Внутри кельи все почти как было в тюремной камере: железная кровать с матрасом из давно перепрелой и уже истершейся соломы, столик, небольшая скамейка, в углу икона. Кряхтя и охая, Гермоген валится перед темным ликом богородицы на колени, и при этом старые кости монаха издают такой стук, что кажется — вот-вот вся иссохшая фигура его развалится. Стук этот отзывается в сердце Яши болью. Жаль старика. За ним столько лет монастырской жизни, что становится страшно. Нет, Яша этого долго не выдержит! А ему советуют из Питера пока не спешить.
Вот он о том и раздумывал на берегу, пока не помешал этот бедный старый брат.
Яша верил тому, что ему писали. Терпеть. Ждать. Но доколе?
3Перед началом урока закона божьего (ни в какой школе Яша не учился и предмета такого совсем не знал) Гермоген «прогоняет» строптивого постояльца по вчерашнему уроку законоведения. Этим предметом старый монах занимается с Яшей уже больше недели — тоже по требованию настоятеля. Из подрясника своего Гермоген достает засаленную книжечку «Общепонятное законоведение» и задает первый вопрос:
— Что такое закон и власть, скажи?
У Яши тотчас появляется на лице озорное выражение, и словно бы сам собою лихо приподнимается уже успевший отрасти русый хохолок на его голове.
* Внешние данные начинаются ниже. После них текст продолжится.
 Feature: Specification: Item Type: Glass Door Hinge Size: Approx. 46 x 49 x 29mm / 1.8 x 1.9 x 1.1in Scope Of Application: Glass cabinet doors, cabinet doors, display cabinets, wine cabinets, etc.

Заметив это, Гермоген начинает дергаться, кряхтеть, для него муки мученические занятия с Яшей, и он почти стонет:
— Беда с тобой, чистая беда, прости господи! Другим ученье впрок, а тебе все во вред!
Волнуется монах оттого, что Яшу бог весть куда заносит на уроках, и вместо того, чтобы отвечать как положено на вопросы, сам начинает их задавать. Вчера, например, вогнал в пот старика, спросив у него, знает ли он, что такое III отделение и каким целям в Российском государстве оно служит. Дело дошло до того, что, когда Яша сам стал отвечать на свой вопрос, Гермоген силой заткнул ему рот своей желтой ладонью и прохрипел, оглядываясь на дверь:
— Да тише ты, окаянный, про то не следует вслух говорить, понял? Ох, беда с тобой, и только, с ума сойдешь!..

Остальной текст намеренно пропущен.